*Exercise description*: Please print the entries below exactly, from the line with "My wife had" through the line with "黄大仙精解:頭戴花冠穿錦衣,解吉美生肖兔龙蛇马羊鸡", including both of those lines and leaving out all others.

*Available records*:

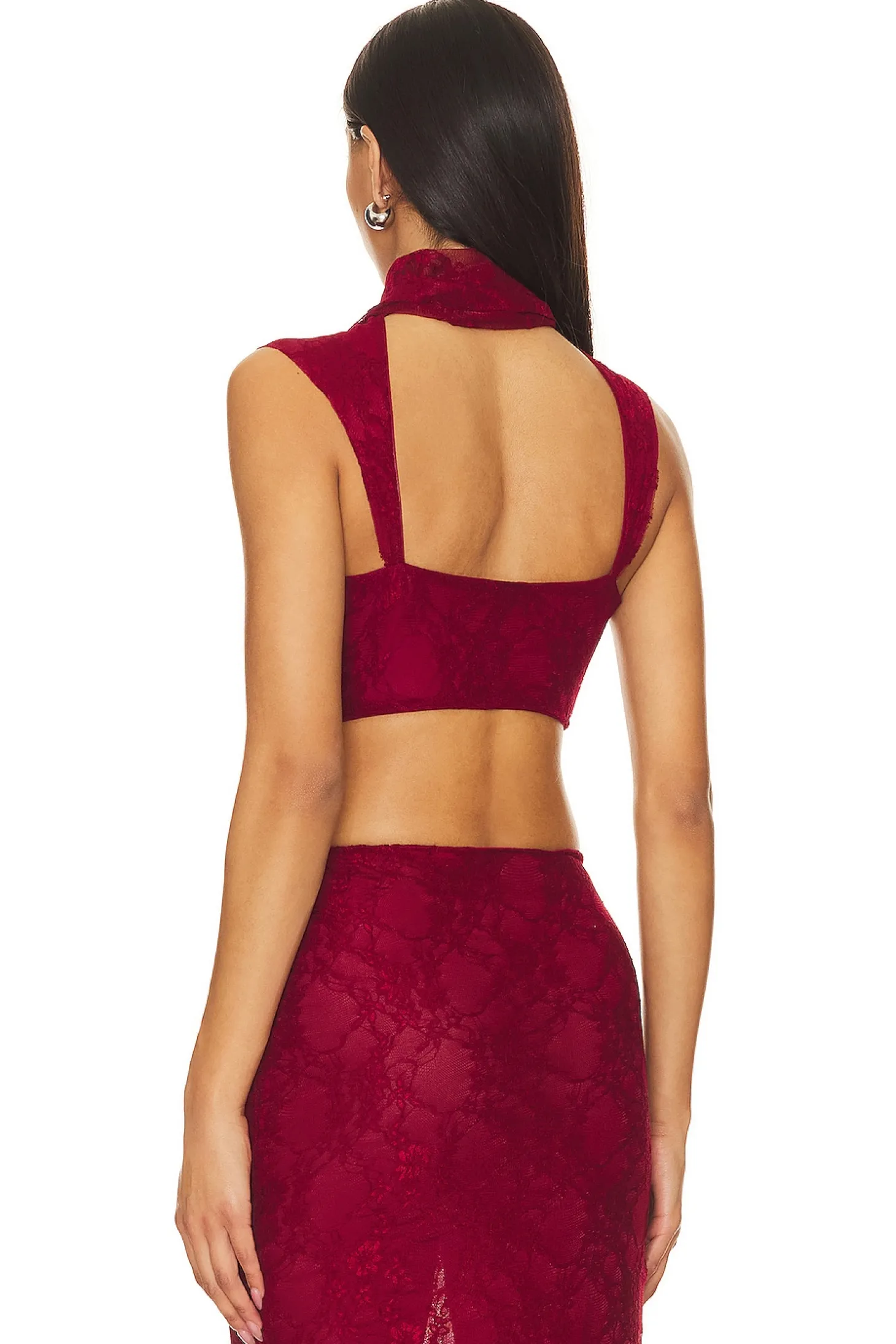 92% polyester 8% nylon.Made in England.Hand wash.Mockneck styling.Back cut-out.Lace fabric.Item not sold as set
==
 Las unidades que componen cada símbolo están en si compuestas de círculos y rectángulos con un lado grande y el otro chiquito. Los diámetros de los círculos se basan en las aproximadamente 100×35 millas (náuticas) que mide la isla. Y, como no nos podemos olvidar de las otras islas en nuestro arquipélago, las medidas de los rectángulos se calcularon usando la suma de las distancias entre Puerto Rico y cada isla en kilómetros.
==
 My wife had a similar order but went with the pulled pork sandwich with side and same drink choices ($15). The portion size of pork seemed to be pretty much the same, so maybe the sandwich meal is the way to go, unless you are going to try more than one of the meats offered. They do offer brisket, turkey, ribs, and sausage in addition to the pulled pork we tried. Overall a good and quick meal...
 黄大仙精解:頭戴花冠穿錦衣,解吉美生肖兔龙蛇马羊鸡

*Solution to this exercise*:
 My wife had a similar order but went with the pulled pork sandwich with side and same drink choices ($15). The portion size of pork seemed to be pretty much the same, so maybe the sandwich meal is the way to go, unless you are going to try more than one of the meats offered. They do offer brisket, turkey, ribs, and sausage in addition to the pulled pork we tried. Overall a good and quick meal...
 黄大仙精解:頭戴花冠穿錦衣,解吉美生肖兔龙蛇马羊鸡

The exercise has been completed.